The Question Every Leader Needs to Ask
Before you add AI to your team, to your process, to your product — ask this:
Are we using AI to amplify something generative? Or are we using AI to accelerate something extractive?
If your organization already has clear vision, curious people, good requirements, and a culture where people raise their hands — AI is going to be incredible for you. It'll amplify all of that virtuous goodness.
If your organization is numb, running on fumes, optimizing what's left of the last good idea someone had three years ago — AI is going to automate the numbness. Faster. More efficiently. With better dashboards. Supercharged numbness.
The tool doesn't determine the outcome. The orientation does.
What Comes Next
This is Essay 2 in a series. I'm going to get more practical from here — specific patterns I see in struggling organizations, the diagnostic questions I ask when I walk in the door, and the leadership and communication skills that actually move teams from extractive to generative.
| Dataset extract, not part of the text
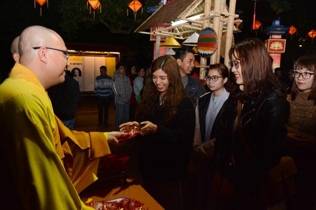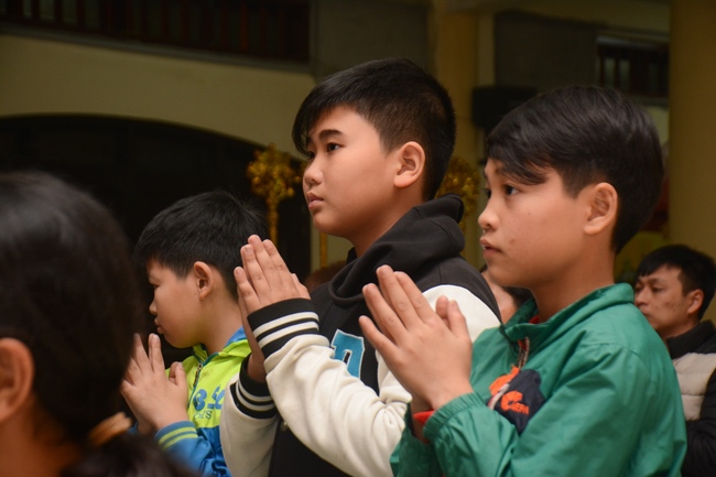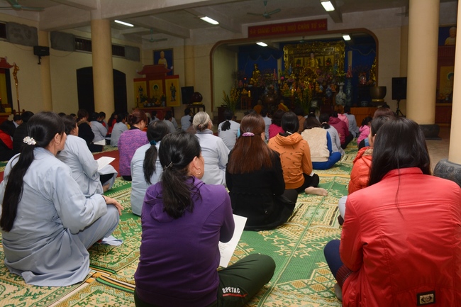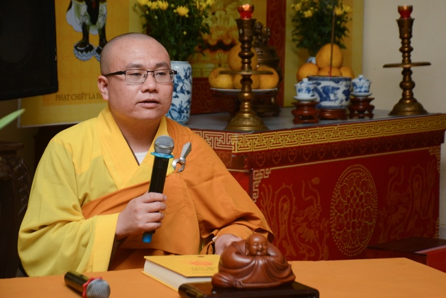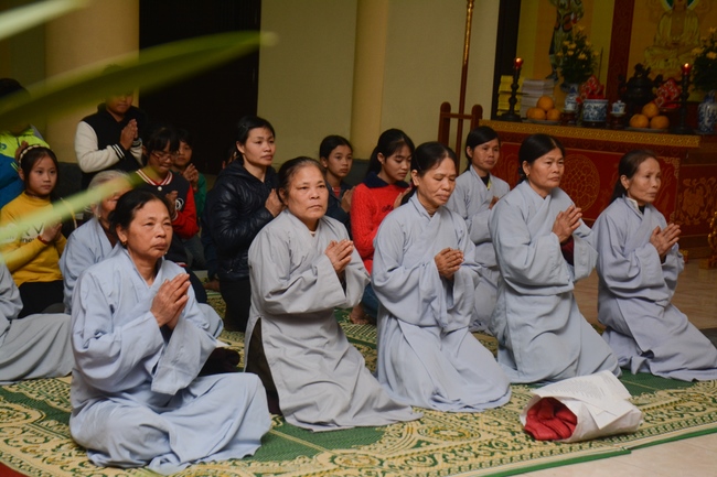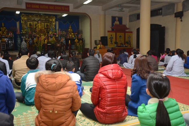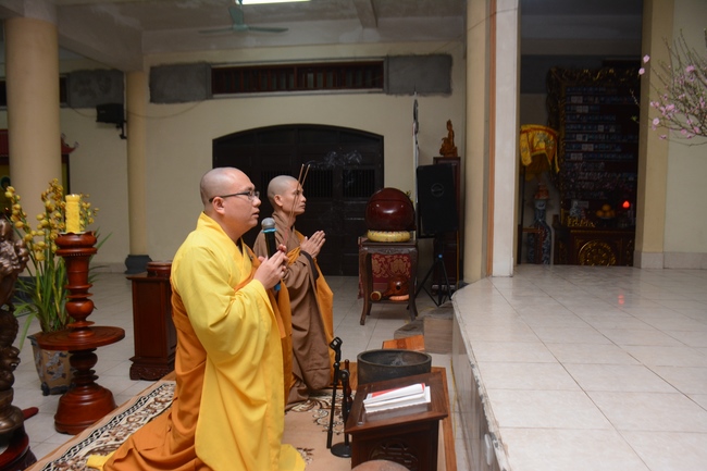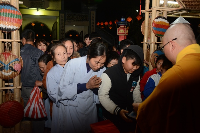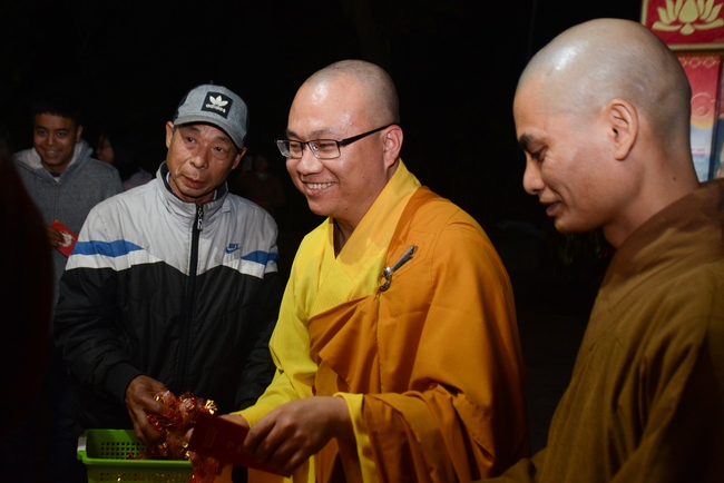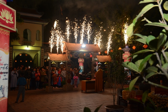 At the moment of New Year’s Eve, Buddhists recited the Buddha’s name to welcome monks’ arrival to the hall to carry out the New Year’s Eve ceremony and welcome the new year. Next, All the Buddhists directed their minds sincerely toward the Triratna, and honestly prayed for their family’s peace and good things. After the ceremony, Junior Ven. Thich Tam Kinh gave the wishes and short preach to the attendees . He advised Buddhists should patiently cultivate Buddha Dharma, go to pagoda regularly, worship the Buddha and listen to the monks’ preaching. Moreover, in the family, everyone should take on their responsibility, get along with and mutually respect each other. On occasion of new year, Junior Ven. And monks prayed that the Triratna would bless them with peace, health, and wisdom to cultivate diligently, which will certainly lead to success. He also made lines of verse for everybody:
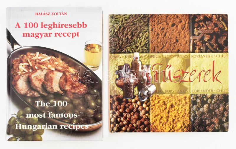 Description: Halász Zoltán: A 100 leghíresebb magyar recept. h. n. , 1991, Magyar Világ Kiadó. Kiadói kartonált papírkötésben. + Rob Alcraft: Fűszerek. hn., 2004., Kudos&Illia. Kiadói kartonált papírkötés.

But I wanted to establish this idea first, because it changes how you think about everything else: AI is the most powerful extractive tool ever built. That makes it extraordinarily valuable. And it makes the generative capacity of your humans — their curiosity, their ideas, their ability to present new information — more important than it's ever been.
The scene still needs new information. AI can't provide it. Your people can.
If they haven't stopped raising their hands.